(Saved entries)
+++

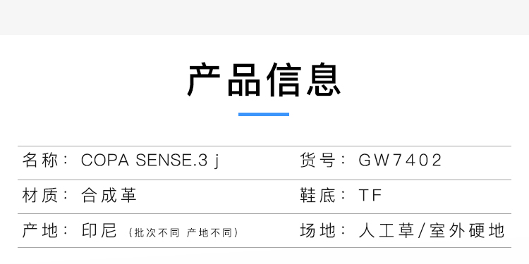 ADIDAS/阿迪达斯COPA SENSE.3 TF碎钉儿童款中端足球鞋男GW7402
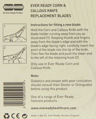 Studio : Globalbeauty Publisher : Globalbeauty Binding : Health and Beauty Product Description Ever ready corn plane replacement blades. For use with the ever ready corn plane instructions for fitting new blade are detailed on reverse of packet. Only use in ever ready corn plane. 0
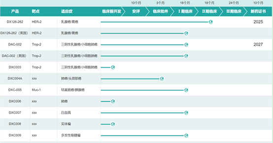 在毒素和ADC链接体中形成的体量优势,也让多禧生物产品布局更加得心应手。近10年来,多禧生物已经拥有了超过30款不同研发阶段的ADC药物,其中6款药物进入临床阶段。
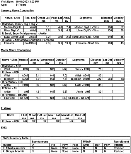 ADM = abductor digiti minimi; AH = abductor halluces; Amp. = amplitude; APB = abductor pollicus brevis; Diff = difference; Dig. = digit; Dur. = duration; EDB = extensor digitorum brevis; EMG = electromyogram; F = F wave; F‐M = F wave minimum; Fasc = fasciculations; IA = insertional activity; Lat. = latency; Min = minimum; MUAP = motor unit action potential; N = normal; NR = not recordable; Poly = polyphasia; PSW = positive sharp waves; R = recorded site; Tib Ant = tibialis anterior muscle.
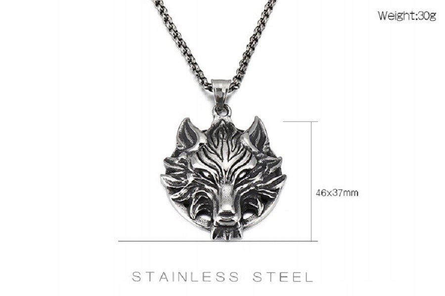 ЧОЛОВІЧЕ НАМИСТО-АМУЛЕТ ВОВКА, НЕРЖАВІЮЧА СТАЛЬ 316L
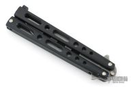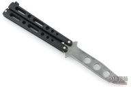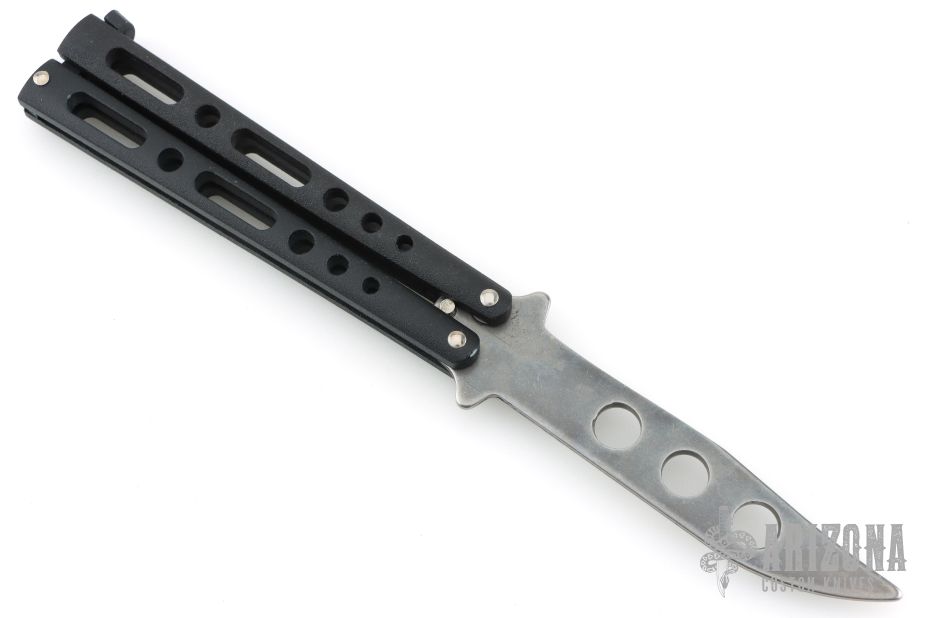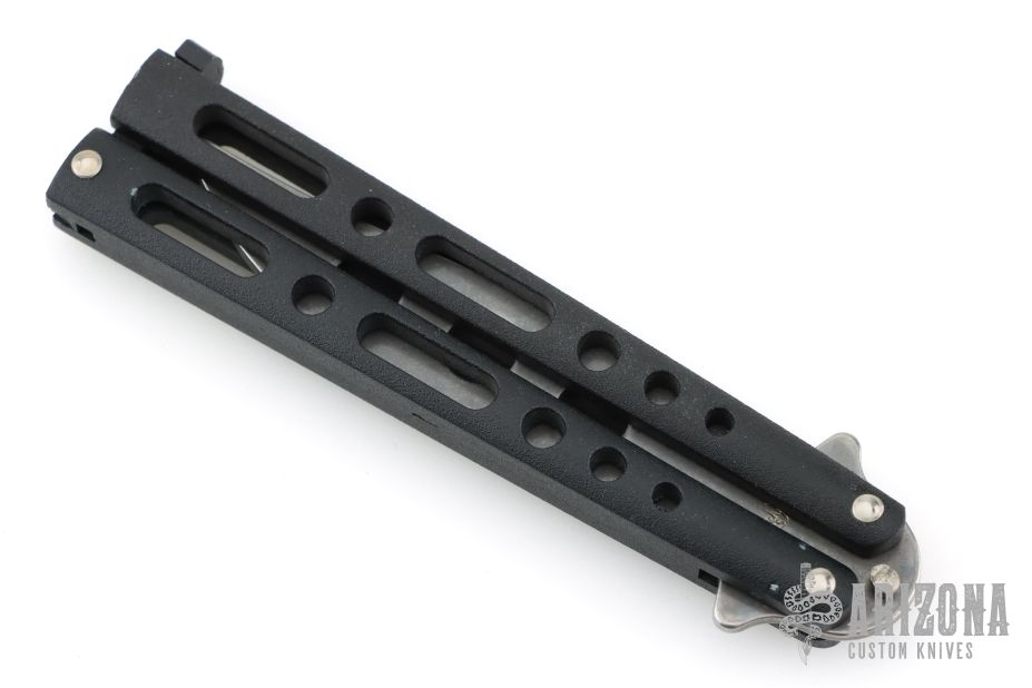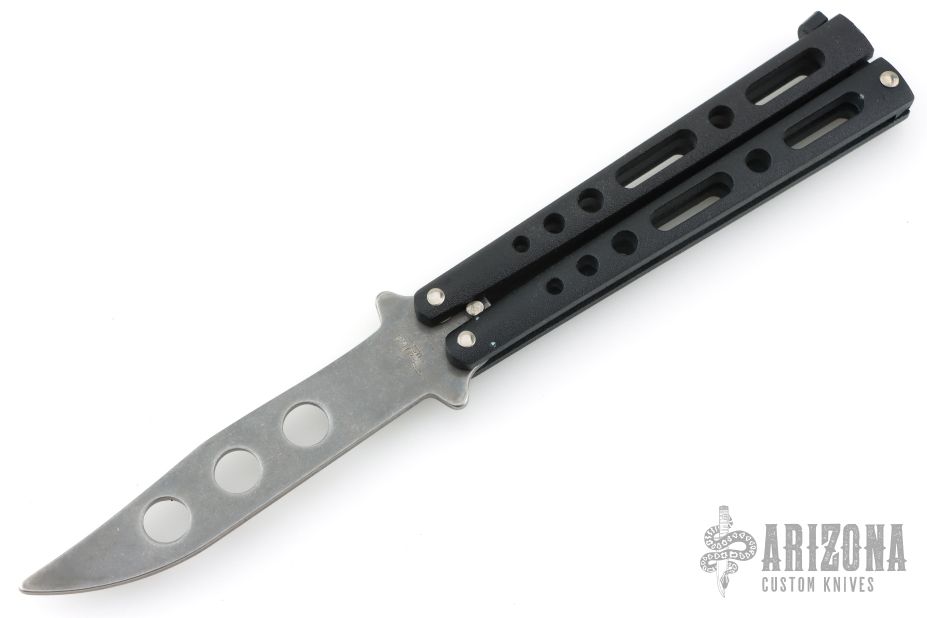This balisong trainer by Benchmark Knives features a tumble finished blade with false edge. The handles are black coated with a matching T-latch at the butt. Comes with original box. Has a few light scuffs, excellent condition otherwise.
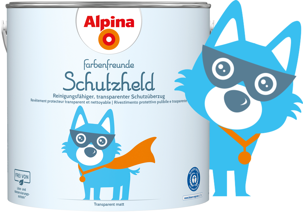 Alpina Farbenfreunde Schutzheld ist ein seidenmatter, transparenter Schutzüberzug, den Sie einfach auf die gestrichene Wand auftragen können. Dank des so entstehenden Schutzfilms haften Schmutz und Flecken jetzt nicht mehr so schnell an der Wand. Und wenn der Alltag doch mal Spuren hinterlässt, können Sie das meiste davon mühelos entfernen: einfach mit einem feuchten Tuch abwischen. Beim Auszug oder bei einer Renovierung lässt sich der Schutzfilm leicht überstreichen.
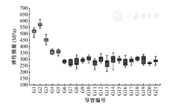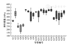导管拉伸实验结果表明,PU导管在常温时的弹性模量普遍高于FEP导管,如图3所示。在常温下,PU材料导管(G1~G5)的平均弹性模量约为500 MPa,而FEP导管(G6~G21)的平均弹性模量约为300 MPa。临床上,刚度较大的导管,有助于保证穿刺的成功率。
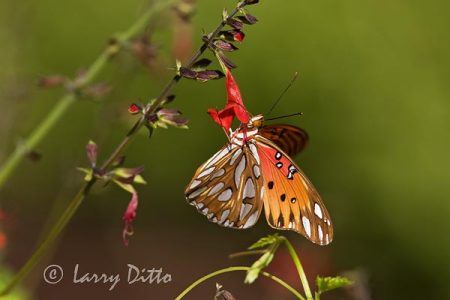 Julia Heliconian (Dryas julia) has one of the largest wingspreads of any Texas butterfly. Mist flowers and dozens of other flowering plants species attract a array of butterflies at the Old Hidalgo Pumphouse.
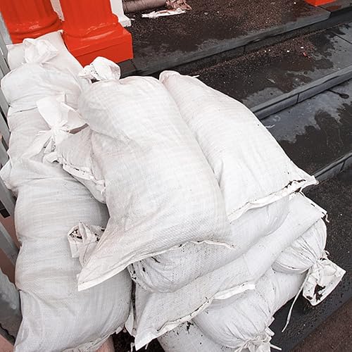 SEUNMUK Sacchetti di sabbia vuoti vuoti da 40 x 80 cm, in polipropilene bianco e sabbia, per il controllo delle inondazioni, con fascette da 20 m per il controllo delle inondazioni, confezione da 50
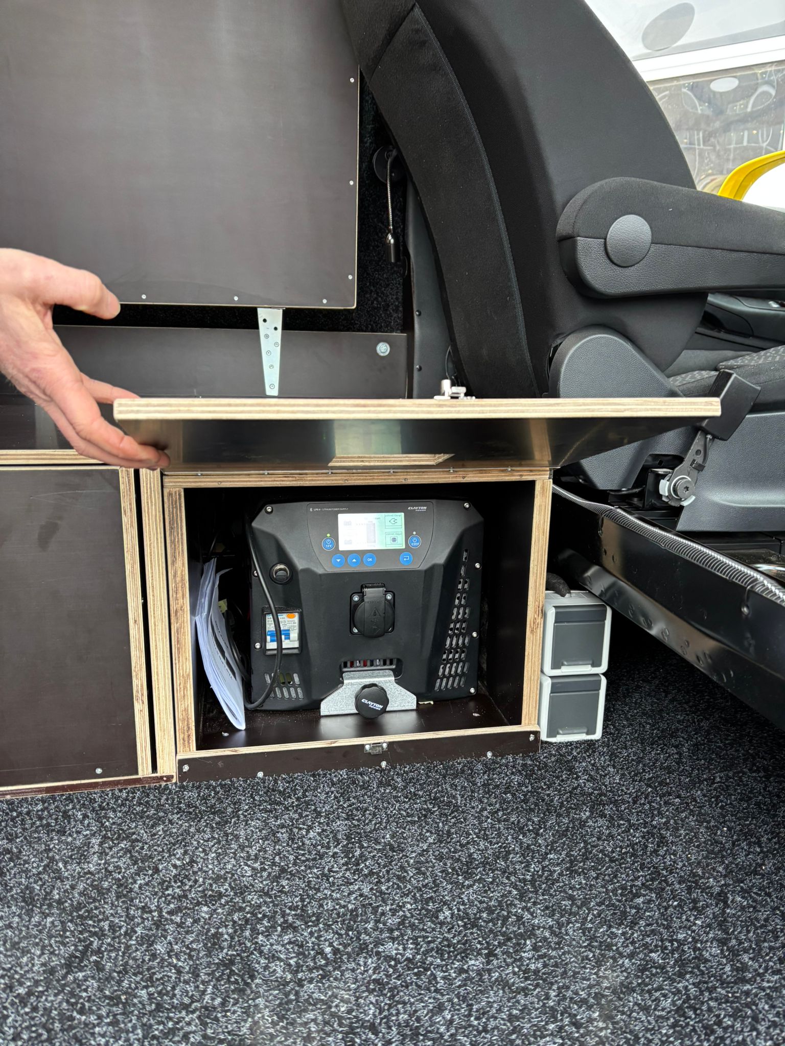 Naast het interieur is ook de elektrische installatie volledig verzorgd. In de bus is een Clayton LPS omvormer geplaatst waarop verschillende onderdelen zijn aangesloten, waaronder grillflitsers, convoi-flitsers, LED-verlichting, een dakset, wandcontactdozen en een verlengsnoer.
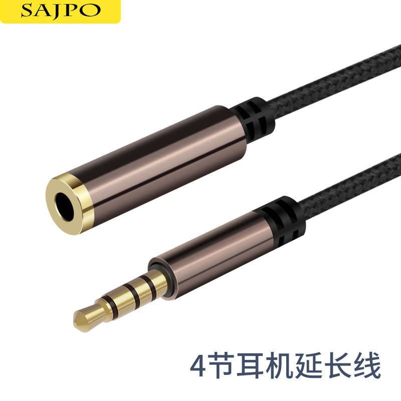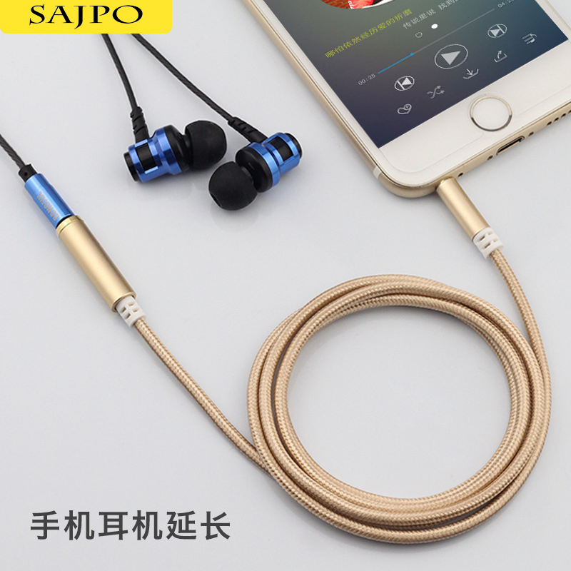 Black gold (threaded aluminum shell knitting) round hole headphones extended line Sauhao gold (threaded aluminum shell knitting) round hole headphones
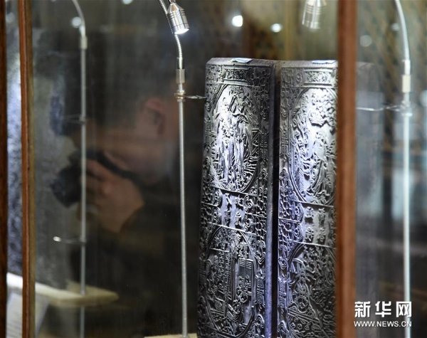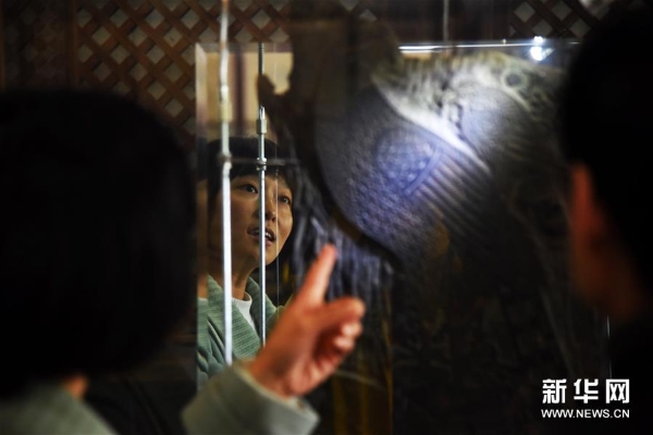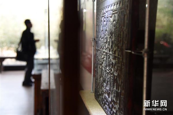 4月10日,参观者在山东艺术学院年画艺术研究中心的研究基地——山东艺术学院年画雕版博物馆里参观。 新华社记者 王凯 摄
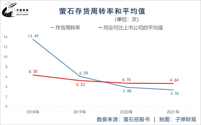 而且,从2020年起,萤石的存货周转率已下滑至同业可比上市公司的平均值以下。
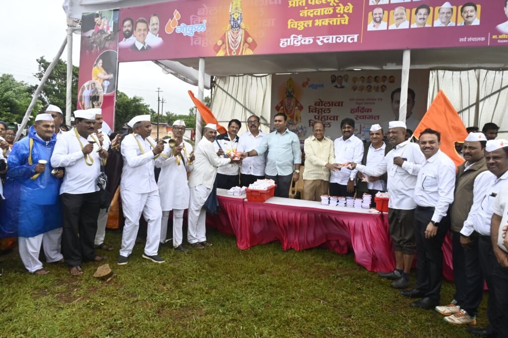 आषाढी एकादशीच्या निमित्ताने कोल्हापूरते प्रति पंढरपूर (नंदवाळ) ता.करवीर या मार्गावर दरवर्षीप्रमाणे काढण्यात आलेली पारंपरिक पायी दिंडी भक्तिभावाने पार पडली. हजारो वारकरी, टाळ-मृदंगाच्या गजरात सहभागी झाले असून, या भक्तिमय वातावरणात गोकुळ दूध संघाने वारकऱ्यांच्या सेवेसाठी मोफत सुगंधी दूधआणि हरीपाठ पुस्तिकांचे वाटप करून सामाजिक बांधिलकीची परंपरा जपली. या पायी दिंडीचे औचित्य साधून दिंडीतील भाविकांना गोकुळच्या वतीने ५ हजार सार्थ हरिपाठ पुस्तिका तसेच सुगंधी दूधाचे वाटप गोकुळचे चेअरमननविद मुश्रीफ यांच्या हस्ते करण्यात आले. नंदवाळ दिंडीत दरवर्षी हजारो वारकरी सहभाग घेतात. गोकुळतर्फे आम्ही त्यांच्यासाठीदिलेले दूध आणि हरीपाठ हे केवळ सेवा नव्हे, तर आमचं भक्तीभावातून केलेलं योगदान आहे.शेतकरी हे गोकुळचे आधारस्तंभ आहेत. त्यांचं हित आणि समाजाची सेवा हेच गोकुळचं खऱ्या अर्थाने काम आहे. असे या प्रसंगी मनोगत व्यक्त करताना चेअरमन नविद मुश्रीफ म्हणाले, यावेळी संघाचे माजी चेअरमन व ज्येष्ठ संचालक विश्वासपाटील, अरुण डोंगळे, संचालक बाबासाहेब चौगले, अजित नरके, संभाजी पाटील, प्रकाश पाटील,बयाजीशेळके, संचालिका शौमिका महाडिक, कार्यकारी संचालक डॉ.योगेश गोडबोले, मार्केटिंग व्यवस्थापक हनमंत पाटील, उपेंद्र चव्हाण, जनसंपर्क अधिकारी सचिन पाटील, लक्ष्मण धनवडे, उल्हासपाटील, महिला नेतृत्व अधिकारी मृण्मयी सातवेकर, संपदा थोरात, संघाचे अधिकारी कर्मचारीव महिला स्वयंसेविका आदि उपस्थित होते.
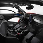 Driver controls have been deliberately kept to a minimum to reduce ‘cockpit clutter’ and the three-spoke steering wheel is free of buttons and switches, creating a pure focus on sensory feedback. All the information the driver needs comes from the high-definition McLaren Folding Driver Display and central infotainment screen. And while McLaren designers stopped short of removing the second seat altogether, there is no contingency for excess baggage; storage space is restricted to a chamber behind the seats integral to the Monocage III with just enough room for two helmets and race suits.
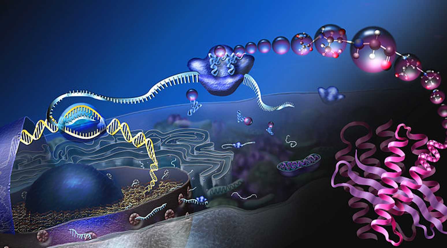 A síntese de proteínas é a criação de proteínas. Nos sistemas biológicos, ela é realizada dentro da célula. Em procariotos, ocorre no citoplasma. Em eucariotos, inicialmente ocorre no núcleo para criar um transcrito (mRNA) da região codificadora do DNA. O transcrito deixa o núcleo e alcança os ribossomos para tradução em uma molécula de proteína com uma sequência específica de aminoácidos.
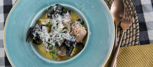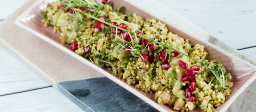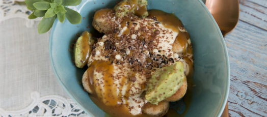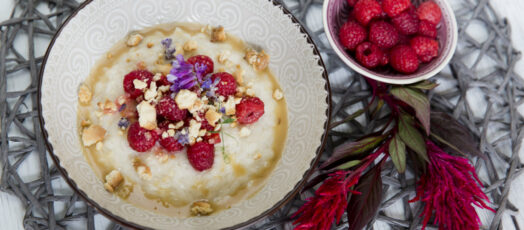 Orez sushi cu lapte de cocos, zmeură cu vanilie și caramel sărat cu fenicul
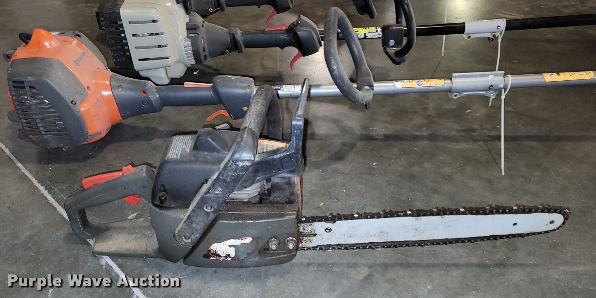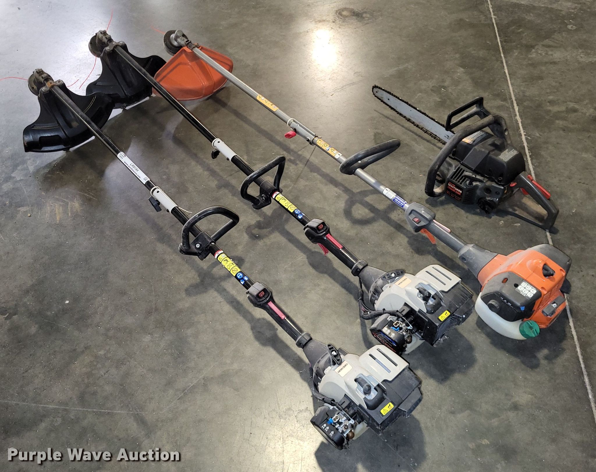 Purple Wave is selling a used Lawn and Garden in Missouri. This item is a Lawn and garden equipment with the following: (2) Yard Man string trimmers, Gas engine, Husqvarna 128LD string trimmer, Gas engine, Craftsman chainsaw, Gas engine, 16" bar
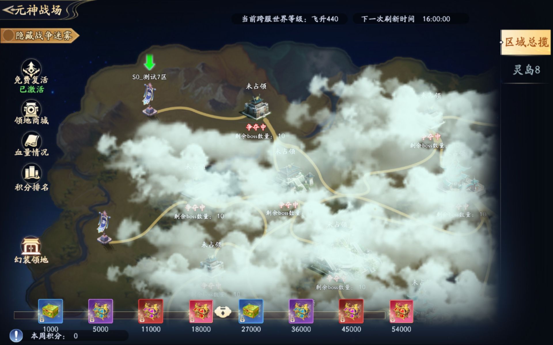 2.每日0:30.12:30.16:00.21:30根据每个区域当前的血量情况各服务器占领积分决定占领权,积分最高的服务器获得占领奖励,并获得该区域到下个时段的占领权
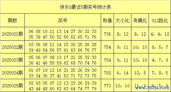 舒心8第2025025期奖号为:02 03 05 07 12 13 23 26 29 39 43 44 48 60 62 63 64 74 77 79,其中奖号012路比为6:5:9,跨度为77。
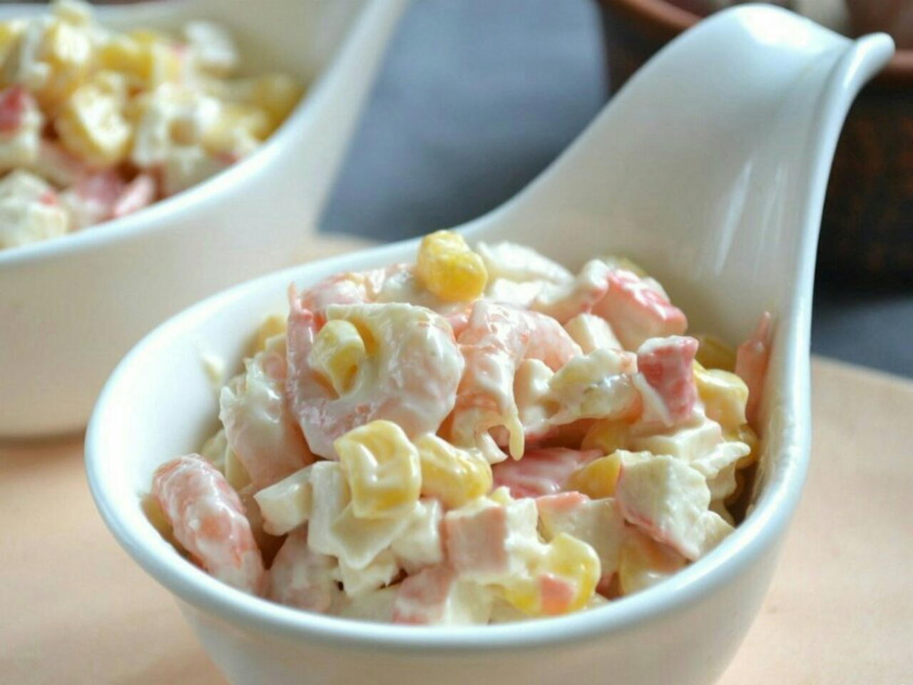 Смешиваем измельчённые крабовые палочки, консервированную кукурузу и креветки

+++

**ABOUT THIS EXERCISE:**
Nothing but the lines from the one containing "Driver controls have" through the end of the entries is to be retyped, exactly as written and without pictures.

**RESPONSE:**
 Driver controls have been deliberately kept to a minimum to reduce ‘cockpit clutter’ and the three-spoke steering wheel is free of buttons and switches, creating a pure focus on sensory feedback. All the information the driver needs comes from the high-definition McLaren Folding Driver Display and central infotainment screen. And while McLaren designers stopped short of removing the second seat altogether, there is no contingency for excess baggage; storage space is restricted to a chamber behind the seats integral to the Monocage III with just enough room for two helmets and race suits.
 A síntese de proteínas é a criação de proteínas. Nos sistemas biológicos, ela é realizada dentro da célula. Em procariotos, ocorre no citoplasma. Em eucariotos, inicialmente ocorre no núcleo para criar um transcrito (mRNA) da região codificadora do DNA. O transcrito deixa o núcleo e alcança os ribossomos para tradução em uma molécula de proteína com uma sequência específica de aminoácidos.
 Orez sushi cu lapte de cocos, zmeură cu vanilie și caramel sărat cu fenicul
 Purple Wave is selling a used Lawn and Garden in Missouri. This item is a Lawn and garden equipment with the following: (2) Yard Man string trimmers, Gas engine, Husqvarna 128LD string trimmer, Gas engine, Craftsman chainsaw, Gas engine, 16" bar
 2.每日0:30.12:30.16:00.21:30根据每个区域当前的血量情况各服务器占领积分决定占领权,积分最高的服务器获得占领奖励,并获得该区域到下个时段的占领权
 舒心8第2025025期奖号为:02 03 05 07 12 13 23 26 29 39 43 44 48 60 62 63 64 74 77 79,其中奖号012路比为6:5:9,跨度为77。
 Смешиваем измельчённые крабовые палочки, консервированную кукурузу и креветки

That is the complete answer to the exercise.